# Orange Grove Camper park



## FranknJan (Dec 18, 2007)

Tomorrow night (Wednesday) Freeview channel 55. 20.00-21.00

Bargain-loving Brits in the sun.

This week there is a feature on the problems the owners of Orange Grove, Michelle and Paco are having with on going planning issues.
I know many people on MH-Facts have stayed there in the past.


----------



## buxom (Mar 20, 2008)

Hi we are in Benidorm and the above prog was on last night and it is quite entertaining. We have only got 4 channels BBC1 ITV ch4 ch5 and it was on ch 5. The site is still closed according to the local Brit paper which Michell( the owner of Orange grove campsite) is the editor. It is a shame because that and one other site near to it is closed and all the other sites are at capacity so there is a need. Apparantly its busier due to the a lot of French and Germans shying off Morroco etc due to the terrorist threat seen a lot more French vans here this year.


----------



## dalspa (Jul 1, 2008)

Saw the program last night. Any members on here going to be on the calendar :surprise::wink2:

DavidL


----------



## cabby (May 14, 2005)

so which channel on sky then.

cabby


----------



## chasper (Apr 20, 2008)

I saw it last night on channel 5, they said the reason for closing them down was that the site was 1 square metre undersize!

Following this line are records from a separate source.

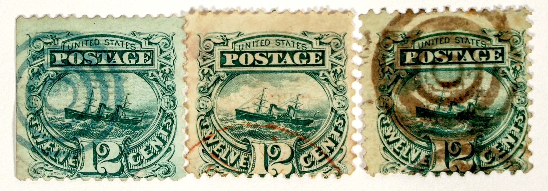 Scott #117, green 12c ship stamps, 3 different cancel mark colors. Green cancelation mark on the left edge page stamp, red cancelation mark, black cancelation mark. None are well centered. See photo.
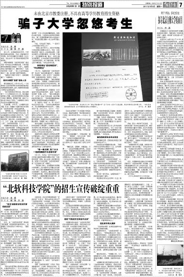 在调查此次“北软科技学院”涉嫌违规招生的过程中,笔者发现,“北软科技学院”一直被一所叫做“北京自修大学”的学校“附体”。
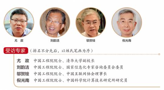 受访专家(排名不分先后,以姓氏笔画为序) 尤政:中国工程院院士、清华大学副校长 刘韵洁:中国工程院院士、国家信息化专家咨询委员会委员 邬贺铨:中国工程院院士、中国互联网协会理事长 倪光南:中国工程院院士、中国科学院计算技术研究所研究员
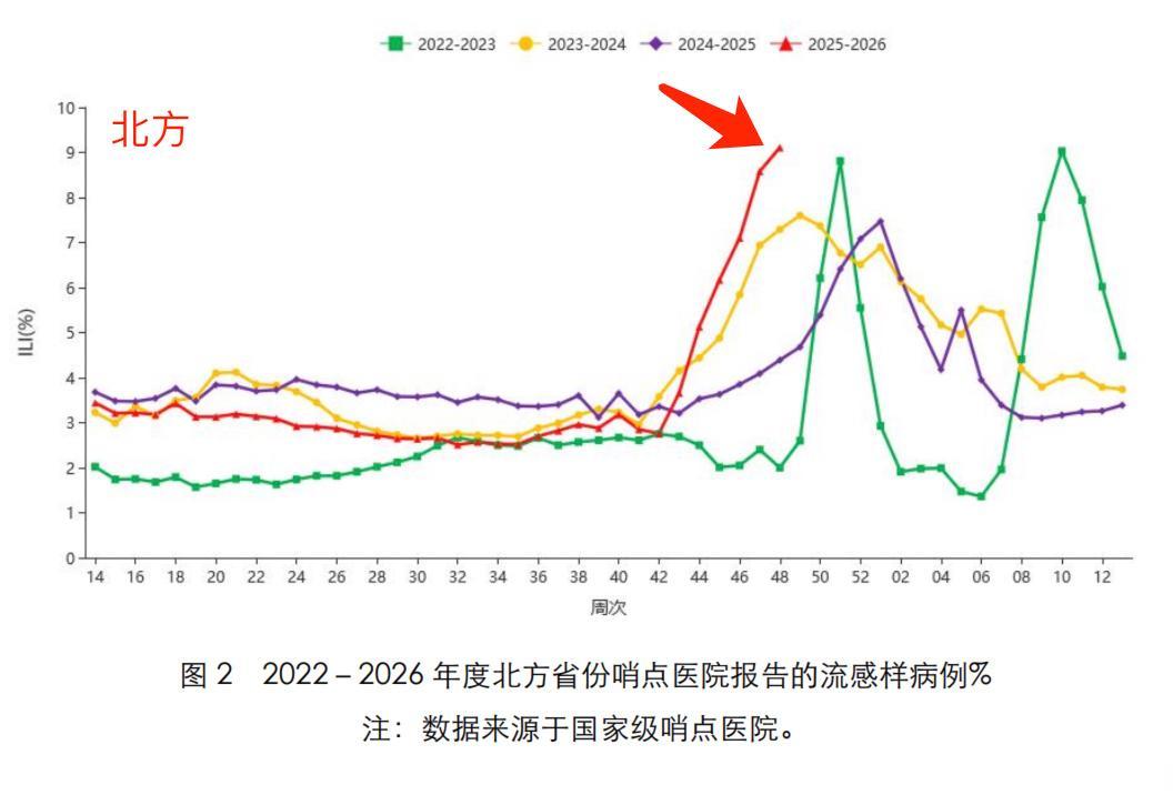 圖注:南方和北方省份流感樣病例佔門急診病例的比例,均持續上升,高於2022、2023、2024年同期水平。
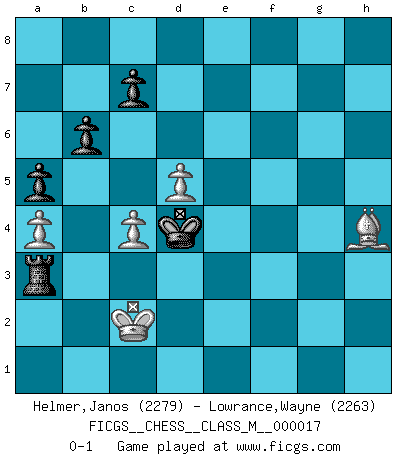 Last move : 0-1 2008 December 18 16:17:43 [Event "FICGS__CHESS__CLASS_M__000017"] [Site "FICGS"] [Date "2008.01.01"] [Round "1"] [White "Helmer,Janos"] [Black "Lowrance,Wayne"] [Result "0-1"] [WhiteElo "2279"] [BlackElo "2263"] 1.c4 Nf6 2.Nc3 e5 3.Nf3 Nc6 4.d4 exd4 5.Nxd4 Bb4 6.Bg5 h6 7.Bh4 O-O 8.e3 Re8 9.Rc1 Nxd4 10.Qxd4 g5 11.Bg3 d6 12.Be2 Ne4 13.O-O Nxc3 14.bxc3 Bc5 15.Qd2 Bf5 16.Rfd1 Qf6 17.Bd3 Bxd3 18.Qxd3 Qg6 19.Qxg6+ fxg6 20.Kf1 Re4 21.Rd4 Bxd4 22.cxd4 b6 23.Ke2 g4 24.f3 gxf3+ 25.gxf3 Re7 26.h4 Rf8 27.e4 g5 28.hxg5 hxg5 29.Rg1 Kh7 30.Be1 Ref7 31.Rg3 g4 32.fxg4 Rf4 33.Kd3 Rf3+ 34.Ke2 Rxg3 35.Bxg3 Kg6 36.e5 dxe5 37.Bxe5 Rf7 38.Ke3 Kg5 39.Ke4 Kxg4 40.a4 Rd7 41.Bf6 a6 42.d5 a5 43.Be5 Re7 44.Kd4 Kf5 45.Bh2 Rg7 46.Kd3 Rh7 47.Bg1 Rh3+ 48.Kd4 Rh1 49.Bf2 Rd1+ 50.Kc3 Ke4 51.Kc2 Rd4 52.Kc3 Rd3+ 53.Kc2 Ra3 54.Bh4 Kd4 0-1 English Opening Kingside Castling by player Black (move 7) Kingside Castling by player White (move 13) 10 pieces endgame at move 39 : White KBPPP , Black KRPPP WHITE : King + 1 Bishop 3 Pawns BLACK : King + 1 Rook 3 Pawns Player Black won this chess game. Follow this game move after move (download)A sacrifice is best refuted by accepting it. (Wilhelm Steinitz) Ich kenne keine einzige Person, die behaupten würde, Garri Kasparow sei ein guter Mensch (Nigel Short) Después de la respuesta de las negras a 1.e4 con 1..e5, se quedan siempre tratando de entrar dentro del juego. (Howard Staunton) Il vaut toujours mieux jouer un plan faux de façon logique que de n'avoir pas de plan du tout. (Victor Kortchnoï) When you stop learning you start dying. (M. Scott Adams)
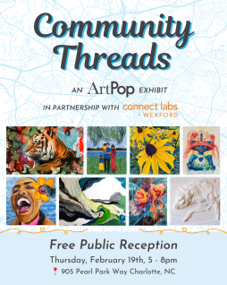 ArtPop is excited to present a new gallery exhibition in partnership with Connect Labs Charlotte. This exhibit aims to inspire innovation, and a positive outlook on human health, nature and beauty. Works by over 30 local artists will convey creativity and optimism to this innovational lab space within The Pearl. The exhibit will be open to the public on Thursday, February 19th, from 5-8pm, with a free reception.
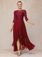 refined dress features a high low A line silhouette, offering a flowing and graceful look with a stylish front to back length variation. The crew neckline exudes elegant charm, while the three quarter sleeves add a touch of vintage sophistication. The tie back allows for a customizable fit, and the skirt, with its delicate lace bodice and ruffled chiffon skirt, creates a truly elegant and unforgettable style, perfect for a mother of the bride at a wedding ceremony.
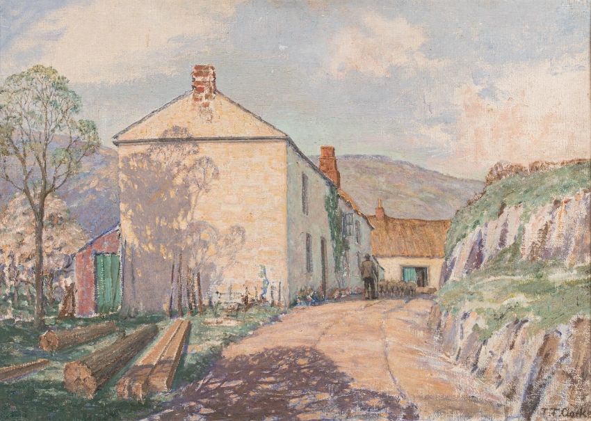 Thomas Flowerday-Clarke (British, 1877-1953) - An Early Morning in Spring, Coombe - Oil on board - 49 x 69cm - Signed lower right - Exhibited: Royal Academy, London (1933)
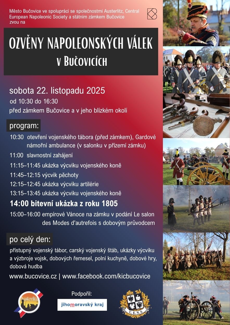 Jak se slavily Vánoce na zámku v době napoleonských válek? Jakými nástroji tehdy operovali raněné? A jak důstojníci plánovali útok ve slavné bitvě u Slavkova? Přijeďte v sobotu 22. listopadu 2025 na Ozvěny napoleonských válek do jihomoravských Bučovic, kde se přenesete do doby krátce před legendární bitvou tří císařů!
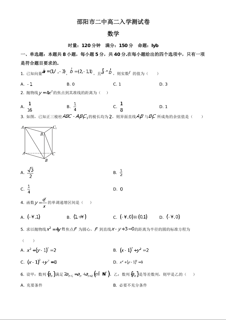 湖南省邵阳市第二中学2025-2026学年高二下学期入学考试 数学.docx
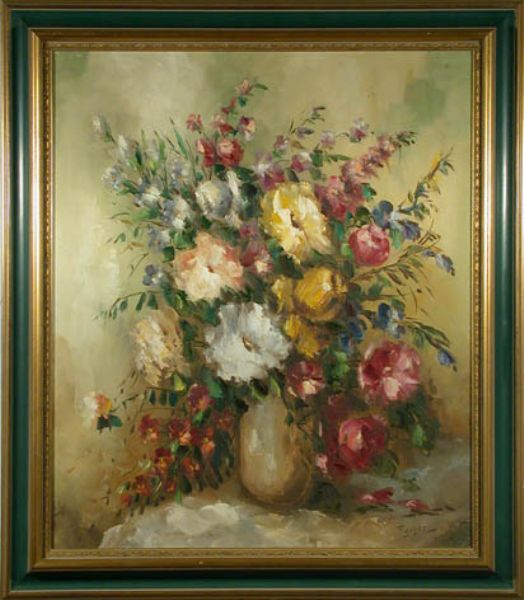 Prächtiger Gartenblumenstrauß in bräunlicher Tonvase auf weißem Tuch vor changierendem Hintergrund
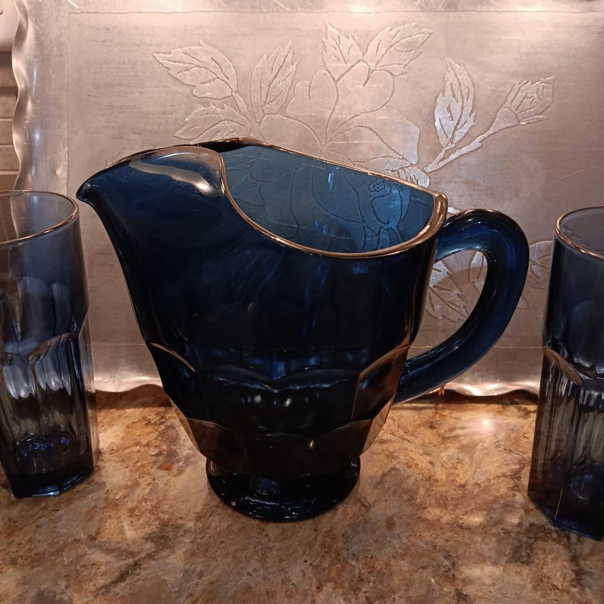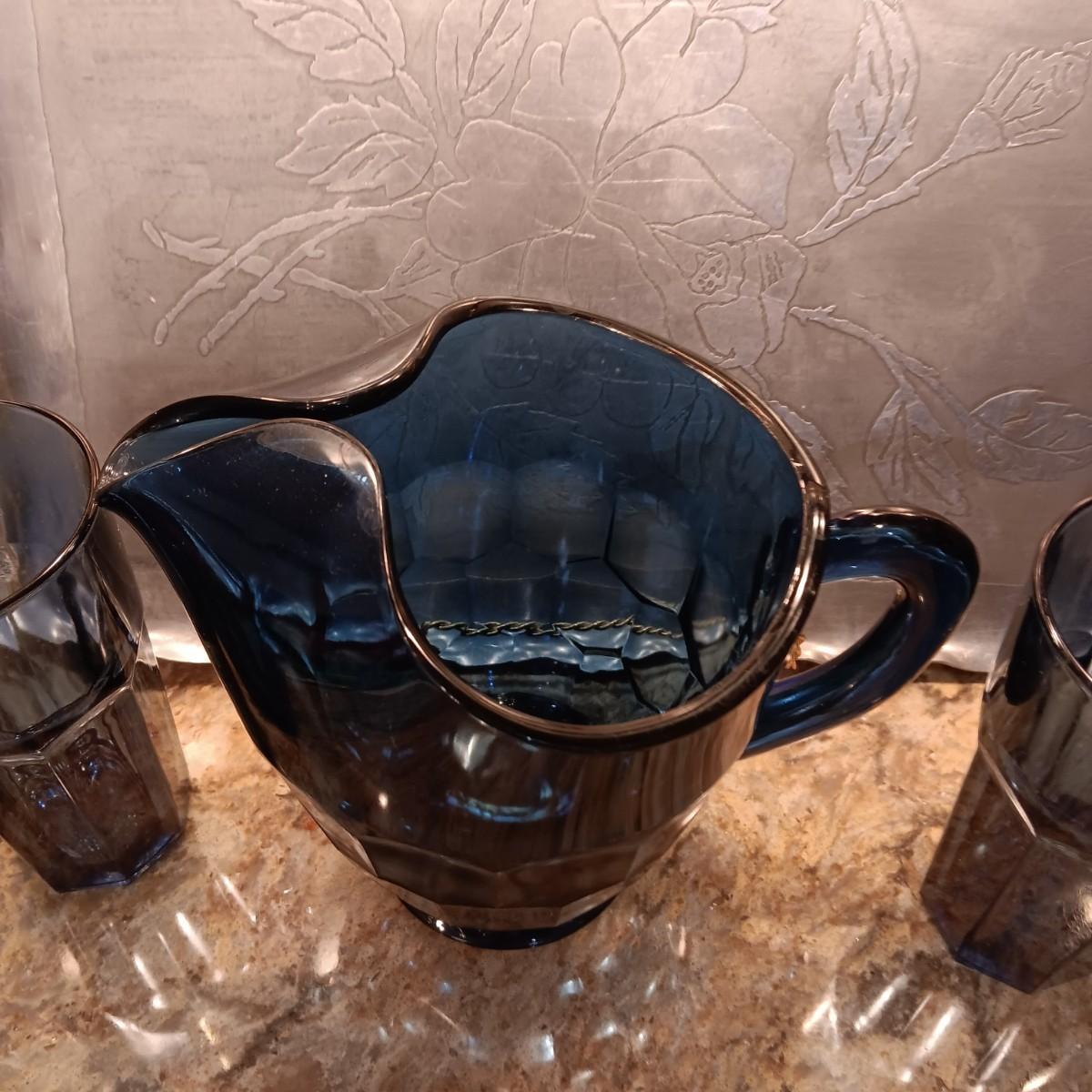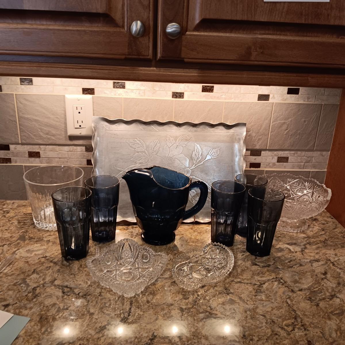 BLUE GLASS PITCHER AND 5 GLASSES, SERVING DISHES AND MORE

Anyway they proved them wrong but are still waiting on the council.


----------



## Mrplodd (Mar 4, 2008)

OP said it would be on tonight (Wednesday) 

But if others have seen it already perhaps they have use of a Tardis ??? Or have I lost a day?? I didnt THINK I had that much last night, nope just checked my paper, its definitely still Wednesday. 

Curiouser and Curiouser said the cat !!! 

Andy


----------



## chasper (Apr 20, 2008)

It was on Channel 5 last night(Tuesday) you can watch it on Demand 5 also today. Just noticed the OP lives in Wales, maybe that has some bearing?


----------



## EJB (Aug 25, 2007)

We also watched it last night on Channel 5!!!!


----------